[Source data]
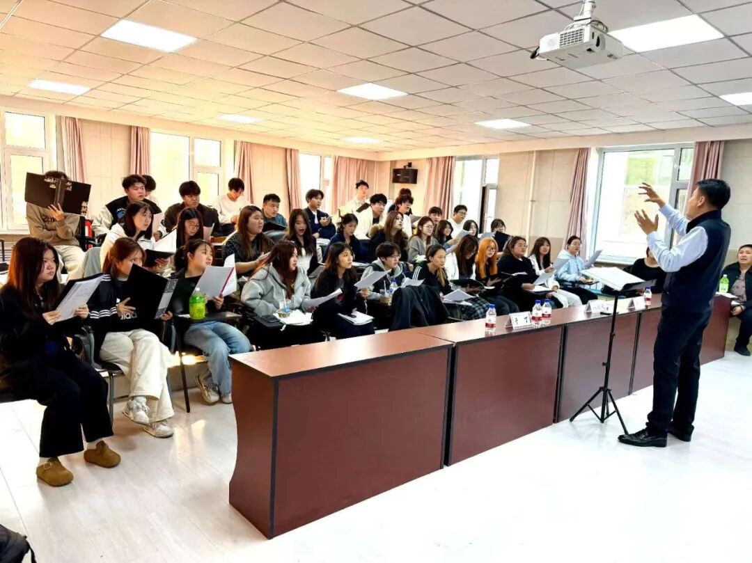 张晓元老师聚焦高水平合唱建设,围绕“合的艺术”展开教学,针对声部平衡、节奏统一、情感表达等难点逐一拆解示范。他选用《生在中国》《我会等》等合唱作品,带领学生现场排练,逐句指导声部衔接、强弱变化与和声融合,手把手纠正细节,有效提升学生合唱实践能力。
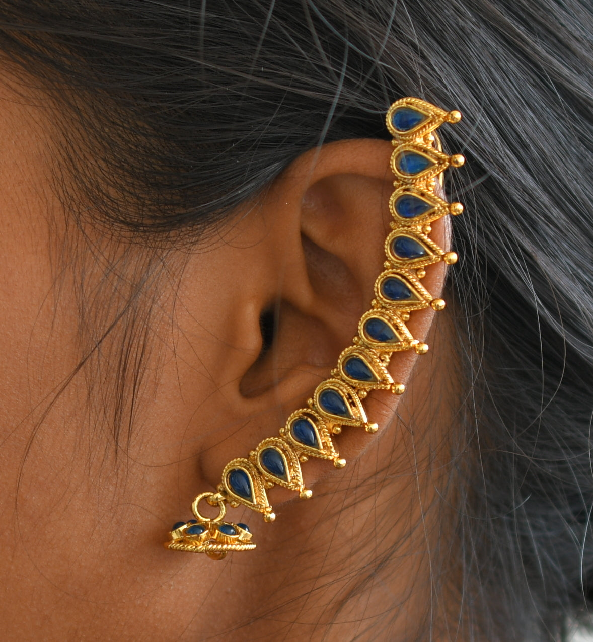 Antique Blue Ear Cuff With Small Jhumkka-dj04068
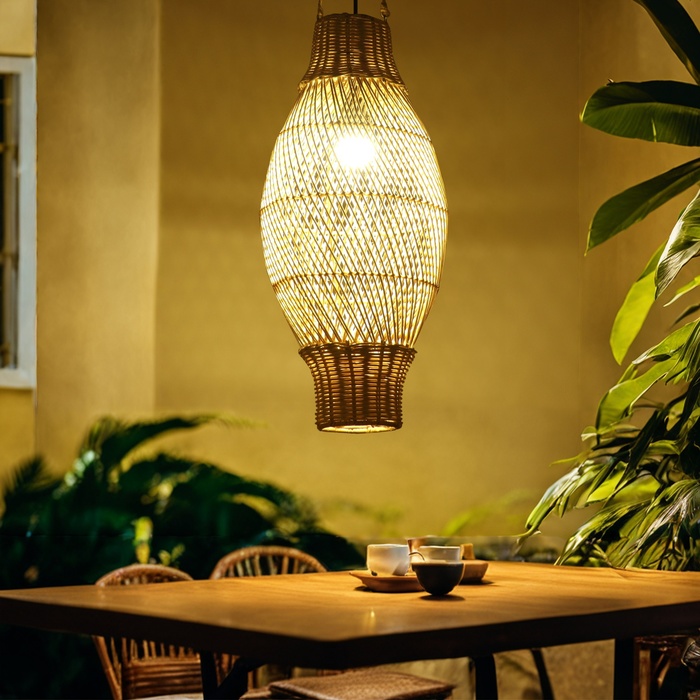 Этнический светильник ручной работы сделан из экоматериала — ротанга (очищенных и высушенных стеблей лиан).
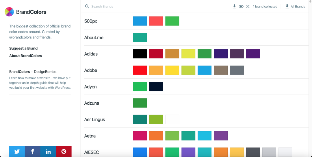 BrandColors 由DesignBombs创建。目标是为最常用的品牌颜色代码创建一个有用的参考。它已被 Smashing Magazine、CSS-Tricks、Web Design Depot、Tuts+ 和超过200 万次网页浏览量推荐。现在有600 多个品牌,拥有1600 种颜色,并且该系列一直在增长。
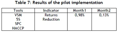 The results of the pilot implementation were satisfactory because there was an 89.2 per cent reduction in returns over the previous year; but this value was obtained only in the second month of implementation because, in month 1, workers were in the process of adapting to the new activities.
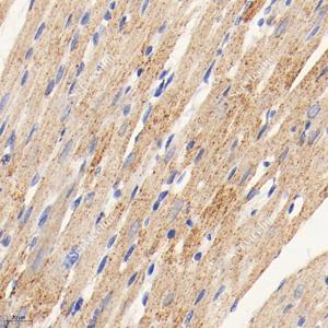 IHC检测Aconitase 2蛋白(货号 GB113832). 样品: 大鼠心, 4%多聚甲醛 (货号G1101) 固定12-24小时. 抗原修复: 柠檬酸抗原修复液(干粉, pH 6.0) (G1201), 98℃, 20分钟. —抗: 1: 500稀释, 4℃ 孵育过夜. 二抗: HRP标记山羊抗兔IgG (H+L) (货号GB23303), 1: 200稀释, 室温孵育1小时. |
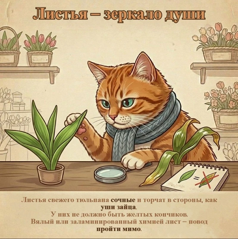 Мурзик с лупой напоминает: настоящий товарный вид не нужно делать. Он виден сразу. Сканируйте каждый цветок на честность. Если есть подозрение, что красоту навели лоском — проходите мимо.

• Task details
Copy every record above exactly as written, but leave out the pictures.

• Response area
 张晓元老师聚焦高水平合唱建设,围绕“合的艺术”展开教学,针对声部平衡、节奏统一、情感表达等难点逐一拆解示范。他选用《生在中国》《我会等》等合唱作品,带领学生现场排练,逐句指导声部衔接、强弱变化与和声融合,手把手纠正细节,有效提升学生合唱实践能力。
 Antique Blue Ear Cuff With Small Jhumkka-dj04068
 Этнический светильник ручной работы сделан из экоматериала — ротанга (очищенных и высушенных стеблей лиан).
 BrandColors 由DesignBombs创建。目标是为最常用的品牌颜色代码创建一个有用的参考。它已被 Smashing Magazine、CSS-Tricks、Web Design Depot、Tuts+ 和超过200 万次网页浏览量推荐。现在有600 多个品牌,拥有1600 种颜色,并且该系列一直在增长。
 The results of the pilot implementation were satisfactory because there was an 89.2 per cent reduction in returns over the previous year; but this value was obtained only in the second month of implementation because, in month 1, workers were in the process of adapting to the new activities.
 IHC检测Aconitase 2蛋白(货号 GB113832). 样品: 大鼠心, 4%多聚甲醛 (货号G1101) 固定12-24小时. 抗原修复: 柠檬酸抗原修复液(干粉, pH 6.0) (G1201), 98℃, 20分钟. —抗: 1: 500稀释, 4℃ 孵育过夜. 二抗: HRP标记山羊抗兔IgG (H+L) (货号GB23303), 1: 200稀释, 室温孵育1小时. |
 Мурзик с лупой напоминает: настоящий товарный вид не нужно делать. Он виден сразу. Сканируйте каждый цветок на честность. Если есть подозрение, что красоту навели лоском — проходите мимо.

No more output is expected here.